═══ Source data ═══

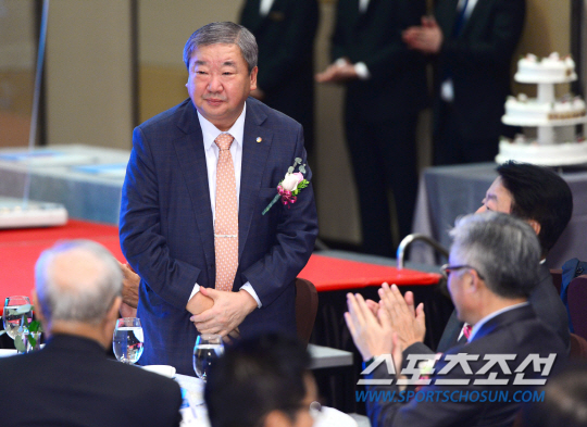 2일 서울 중구 밀레니엄 힐튼호텔에서 한국프로스포츠협회 출범식이 열렸다. (사)한국프로스포츠협회(회장 권오갑)는 한국프로축구연맹과 한국야구위원회, 한국농구연맹, 한국여자농구연맹, 한국배구연맹, 한국프로골프협회, 한국여자프로골프협회 등 7개 프로 단체가 참여했다. 출범식에 참석한 구본능 KBO 총재가 인사하고 있다. 송정헌 기자 songs@sportschosun.com/2015.11.02
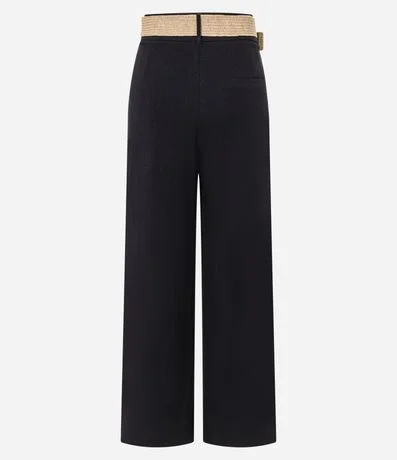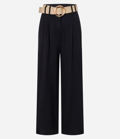 Ref: Calça wide leg de cintura alta confeccionada em viscolinho com fechamento tradicional e pregas. Possui cinto afivelado de ráfia.
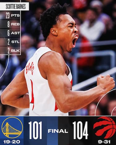 La tripla di Buddy Hield che potrebbe mandare tutti al supplementare va corta, a riprova di una serataccia al tiro per la guardia di Golden State, che chiude con 8 punti e 3/13 dal campo, e i Raptors portano a compimento la rimonta e il sorpasso arrivati con il parziale di 27-15 con cui chiudono la partita. Agli Warriors non bastano i 26 punti di Steph Curry e i 20 di Andrew Wiggins, mentre Toronto ottiene una rara soddisfazione all’interno della sua stagione complicata grazie a Scottie Barnes (23 punti, 8 rimbalzi e 6 assist) e alla doppia doppia da 13 punti e 13 rimbalzi di Jakob Poeltl

═══

Your instructions:
Recopy the whole listing above precisely, excluding images.

Reply to the task:
 2일 서울 중구 밀레니엄 힐튼호텔에서 한국프로스포츠협회 출범식이 열렸다. (사)한국프로스포츠협회(회장 권오갑)는 한국프로축구연맹과 한국야구위원회, 한국농구연맹, 한국여자농구연맹, 한국배구연맹, 한국프로골프협회, 한국여자프로골프협회 등 7개 프로 단체가 참여했다. 출범식에 참석한 구본능 KBO 총재가 인사하고 있다. 송정헌 기자 songs@sportschosun.com/2015.11.02
 Ref: Calça wide leg de cintura alta confeccionada em viscolinho com fechamento tradicional e pregas. Possui cinto afivelado de ráfia.
 La tripla di Buddy Hield che potrebbe mandare tutti al supplementare va corta, a riprova di una serataccia al tiro per la guardia di Golden State, che chiude con 8 punti e 3/13 dal campo, e i Raptors portano a compimento la rimonta e il sorpasso arrivati con il parziale di 27-15 con cui chiudono la partita. Agli Warriors non bastano i 26 punti di Steph Curry e i 20 di Andrew Wiggins, mentre Toronto ottiene una rara soddisfazione all’interno della sua stagione complicata grazie a Scottie Barnes (23 punti, 8 rimbalzi e 6 assist) e alla doppia doppia da 13 punti e 13 rimbalzi di Jakob Poeltl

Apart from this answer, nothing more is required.